Biomechanics of the Rider

“You’re never too old to learn.”

I can’t tell you how many times my grandmother told me that. But, I found it true once again this past week. You see, in the path to learning classical equitation there are many stages and each of these are places where the basic biomechanics of horse and of rider must reach an equilibrium. My own nemesis has been the very first stage – the shoulders-in exercise. Intellectually I have understood for some time that it is designed to put the horse in position to increase the ability of the inside hind leg to take weight, as a tool to developing “collection.” I even understood that a certain angle of 30° and a slight bend and a slow cadenced walk are the keys to this development.
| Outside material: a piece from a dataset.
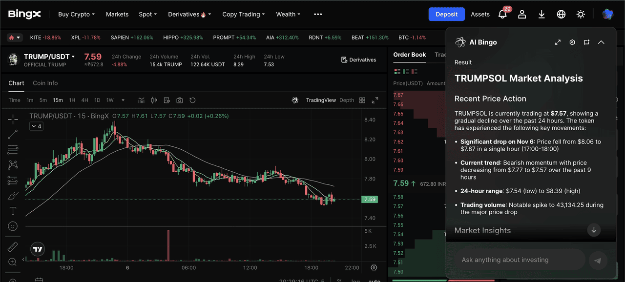 TRUMPSOL/USDT trading pair on the spot market powered by BingX AI insights
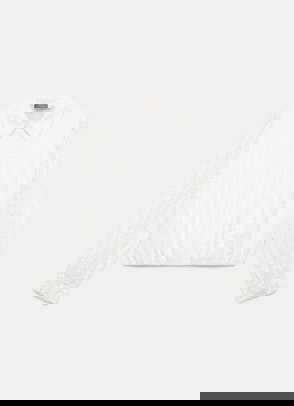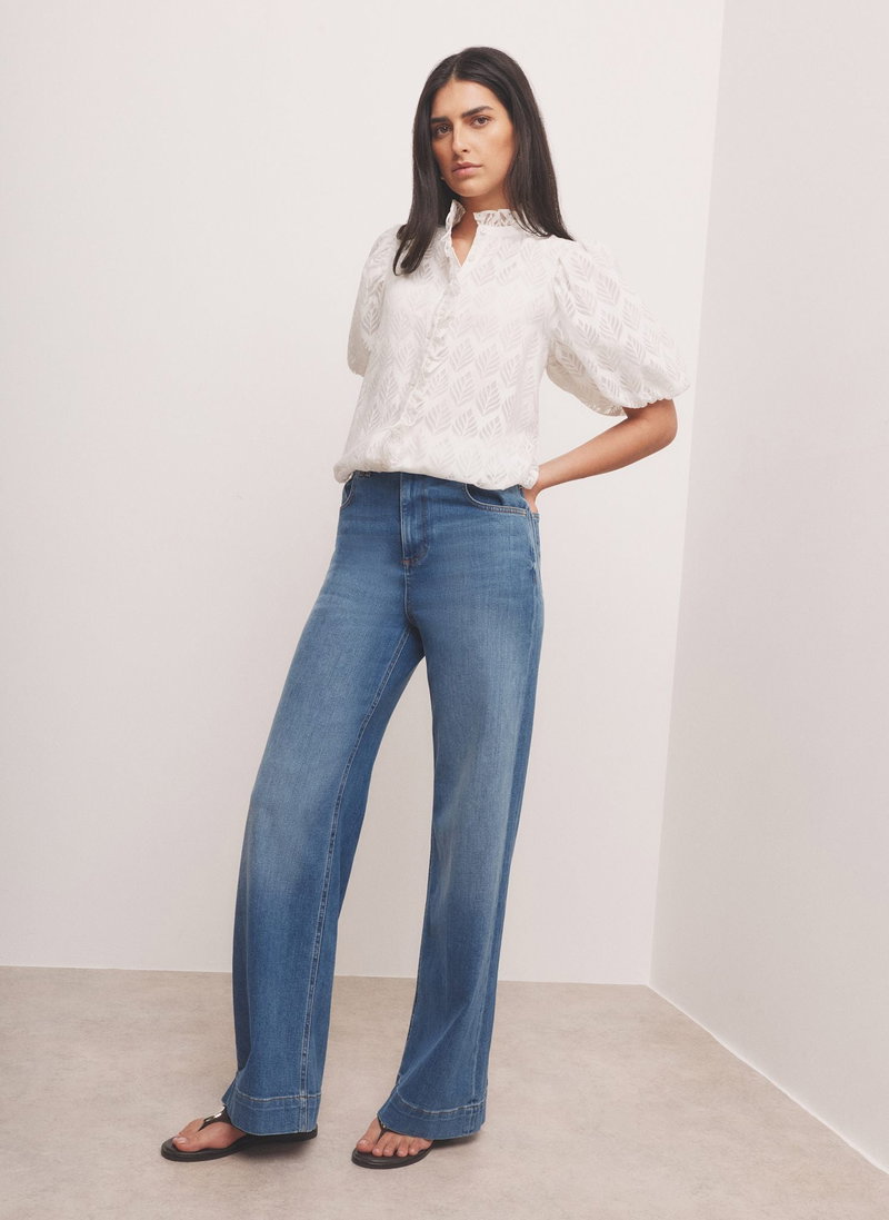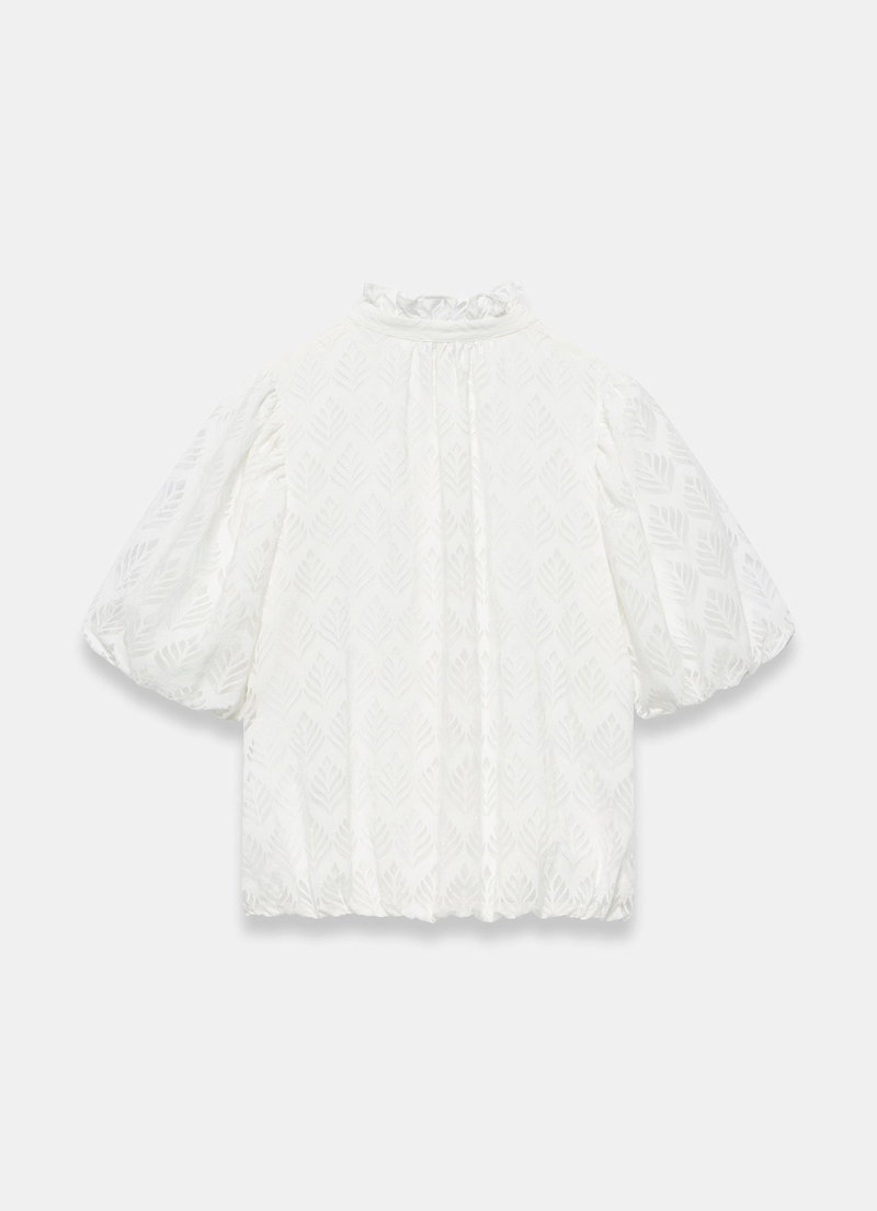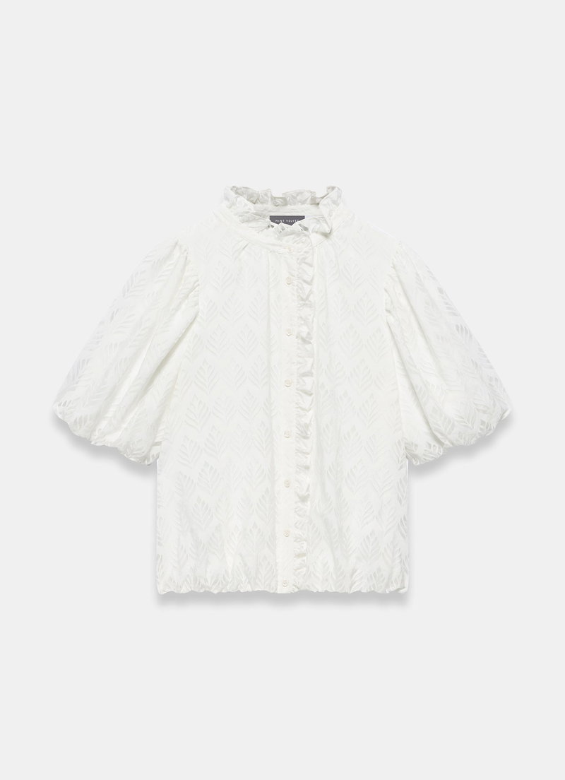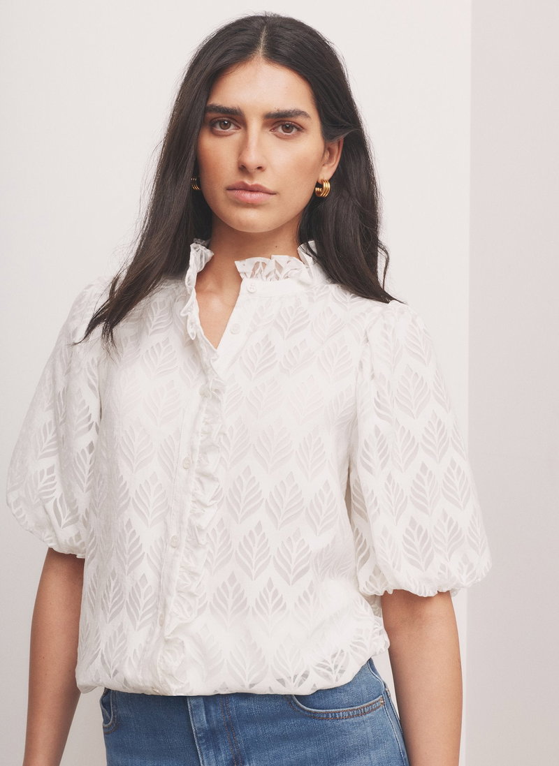 White jacquard blouse featuring a high neckline, short puff sleeves, ruffle trim, elasticated hemline with a button fastening through the front.

The problem was that every time I tried to sit on my right seat bone and turn my shoulders, my saddle went to the left. It’s downright creepy, sometimes, how our bodies sabotage us! So Manuel gets on my horse to show me what it looks like. He emphasizes that the rider’s outside foot can push against the stirrup, causing the rider’s weight to come to the inside. Then I tried it. It was better. He even said I needed to not be afraid to let my seat slide a little sideways over the saddle to get the right position. Better. Then on Monday, Donna says almost the same thing, but adds that she’d been instructed to put the outside seat bone in the middle of the saddle. Now, armed with these bits of information I’m finally “getting” right shoulder-in. I still don’t feel like my right side bone contacts the saddle like the left. Maybe I’m not symmetrical. But the horses are now actually doing shoulder-in right, right…sometimes. In the world of teaching and learning there is this mystery of how we learn. Often after hearing the same thing many times, someone new comes along and says the same thing a different way and…boom, the knowledge that has been sitting just outside our brain plops into our circuitry!